I suspect that the reason my interests cooled off during my previous relationship was that my boyfriend in fact became my special interest. I was seriously obsessed with him. [/quote]
I also was once in a situation in which my special interest became a boy that I was infatuated with. However, he moved away and I never got together with him.
Anyway, during my college years I improved a lot with my conversational skills. Also, over time I became a lot better with eye contact. I was probably able to improve because I have a good long term memory, and I tend to remember a lot of specific details in conversations.
There is definately an improvement in me as I have got older. As a kid I was very 'inwards' lining things up and spinning stuff but as I have got older I can now speak much easier (about my special interests) and people say I am better at debating things (although I still get a little angry!) because before I would have just blown up and hit the other person!
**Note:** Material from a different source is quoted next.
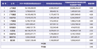 運用同樣的計算方法,包括上汽集團、比亞迪、長(cháng)城汽車(chē)、長(cháng)安汽車(chē)、廣汽集團、福田汽車(chē)等在內的11家車(chē)企中(見(jiàn)表格),其現金覆蓋月數中位數為3.82個(gè)月,平均數為3.46個(gè)月。其中,上汽集團現金覆蓋月數最多,達5.52個(gè)月;比亞迪、長(cháng)城汽車(chē)、福田汽車(chē)、賽力斯等車(chē)企現金覆蓋月數均低于3個(gè)月,賽力斯現金覆蓋月數最短,僅為0.89個(gè)月。

I still struggle with socialising with strangers in a shop because I get freaked out when something in the interaction changes (quite commonly just a reminder that I have not removed my card from the chip and pin device!) from the normal 'hello', 'would you like some bags?' 'that will be £--.-- please' 'Thank you, goodbye!'
On a more technical note, Autism is a developmental disorder, therefore it is posssible for some of us to develop into more sociable adults, others might find this harder or impossible.